Saved data entries:
=== Section Start ===

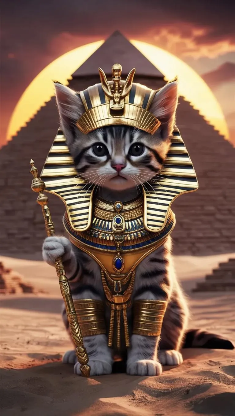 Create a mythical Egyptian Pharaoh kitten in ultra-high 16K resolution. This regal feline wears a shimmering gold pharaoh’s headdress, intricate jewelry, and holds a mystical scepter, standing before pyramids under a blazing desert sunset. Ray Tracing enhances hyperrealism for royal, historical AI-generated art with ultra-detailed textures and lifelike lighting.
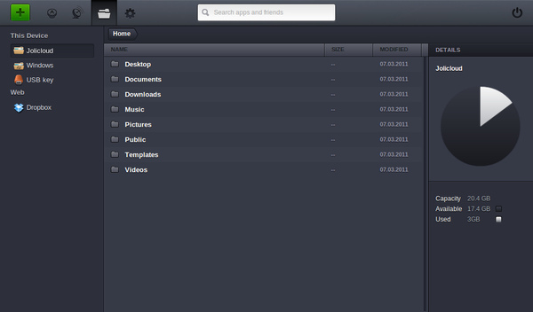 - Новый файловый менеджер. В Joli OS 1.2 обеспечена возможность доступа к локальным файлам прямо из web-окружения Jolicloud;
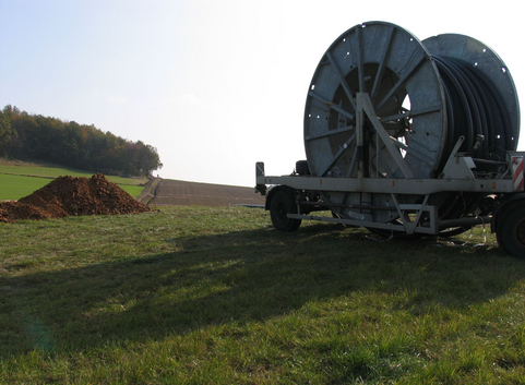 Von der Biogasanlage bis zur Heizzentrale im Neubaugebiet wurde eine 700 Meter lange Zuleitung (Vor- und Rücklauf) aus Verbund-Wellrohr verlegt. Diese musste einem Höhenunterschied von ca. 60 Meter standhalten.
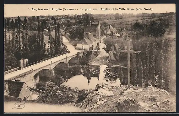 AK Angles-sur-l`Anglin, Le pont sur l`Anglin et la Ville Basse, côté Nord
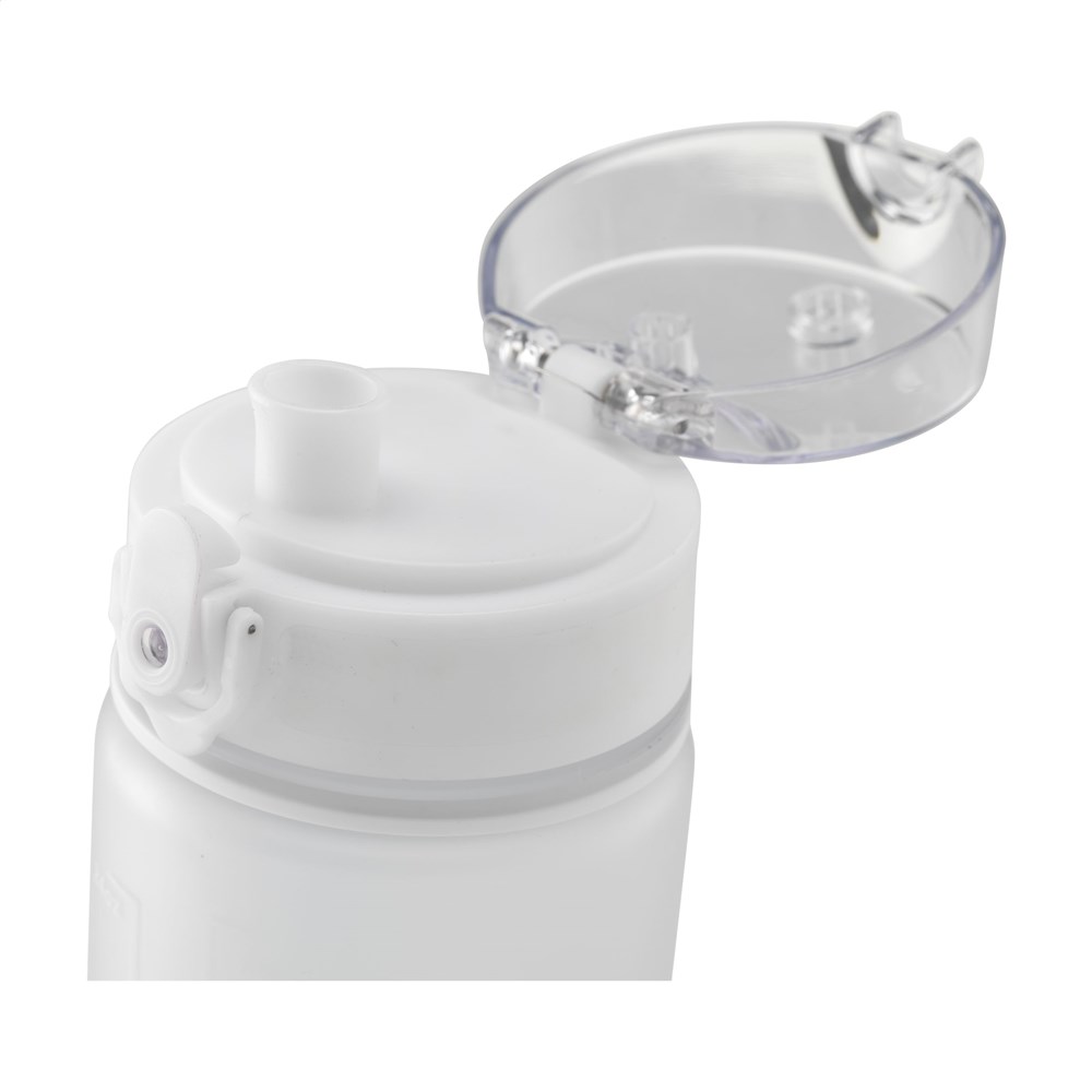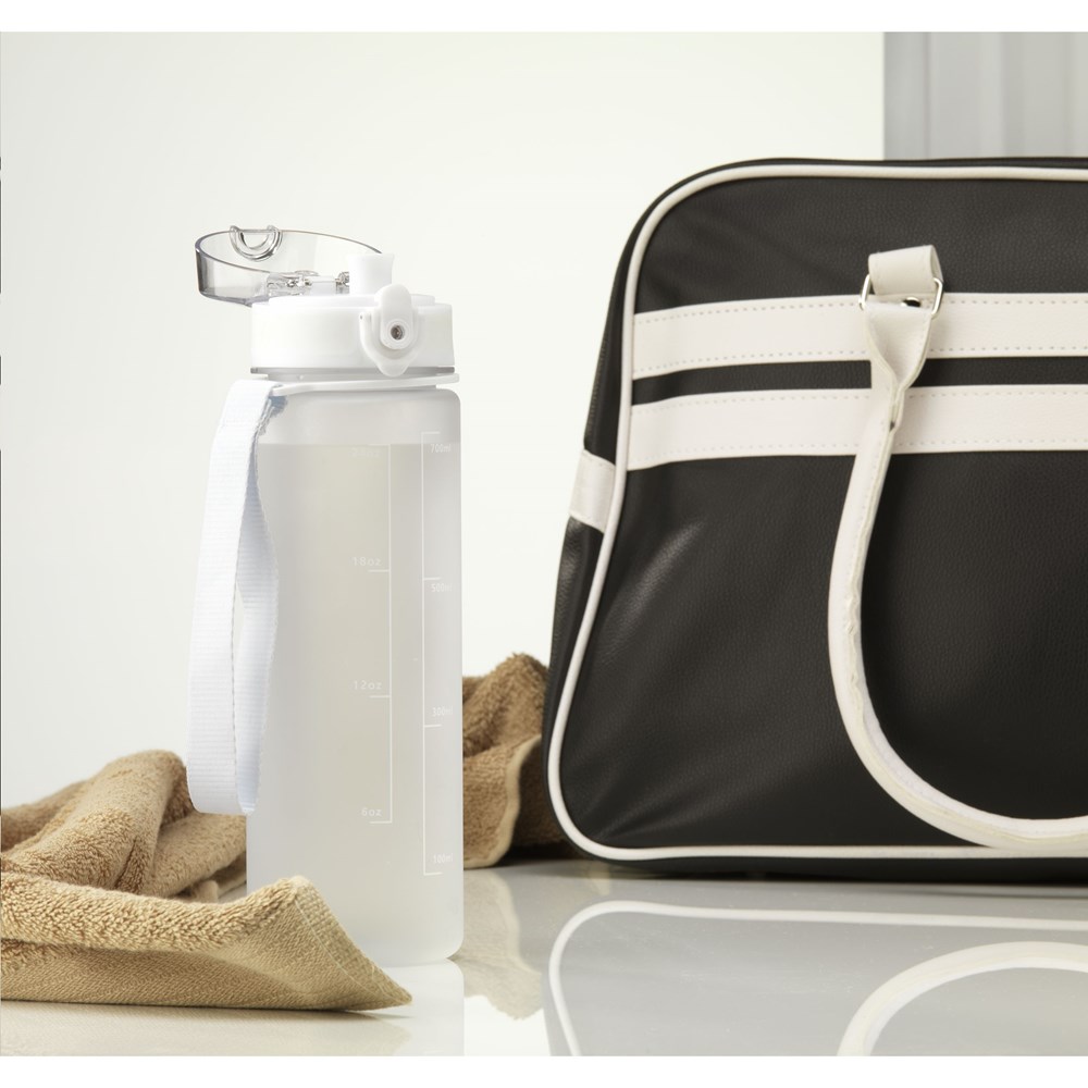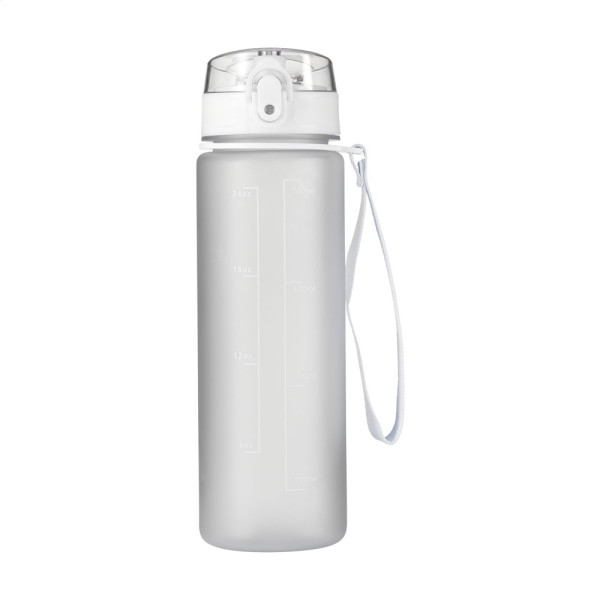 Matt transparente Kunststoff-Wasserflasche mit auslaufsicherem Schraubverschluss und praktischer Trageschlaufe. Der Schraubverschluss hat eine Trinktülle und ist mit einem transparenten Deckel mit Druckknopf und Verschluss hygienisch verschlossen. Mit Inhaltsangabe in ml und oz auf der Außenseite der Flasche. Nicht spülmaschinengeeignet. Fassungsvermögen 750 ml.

=== Section End ===

> Your instructions: Every entry is to be reproduced word for word, and no image is carried over.

> Task response:
 Create a mythical Egyptian Pharaoh kitten in ultra-high 16K resolution. This regal feline wears a shimmering gold pharaoh’s headdress, intricate jewelry, and holds a mystical scepter, standing before pyramids under a blazing desert sunset. Ray Tracing enhances hyperrealism for royal, historical AI-generated art with ultra-detailed textures and lifelike lighting.
 - Новый файловый менеджер. В Joli OS 1.2 обеспечена возможность доступа к локальным файлам прямо из web-окружения Jolicloud;
 Von der Biogasanlage bis zur Heizzentrale im Neubaugebiet wurde eine 700 Meter lange Zuleitung (Vor- und Rücklauf) aus Verbund-Wellrohr verlegt. Diese musste einem Höhenunterschied von ca. 60 Meter standhalten.
 AK Angles-sur-l`Anglin, Le pont sur l`Anglin et la Ville Basse, côté Nord
 Matt transparente Kunststoff-Wasserflasche mit auslaufsicherem Schraubverschluss und praktischer Trageschlaufe. Der Schraubverschluss hat eine Trinktülle und ist mit einem transparenten Deckel mit Druckknopf und Verschluss hygienisch verschlossen. Mit Inhaltsangabe in ml und oz auf der Außenseite der Flasche. Nicht spülmaschinengeeignet. Fassungsvermögen 750 ml.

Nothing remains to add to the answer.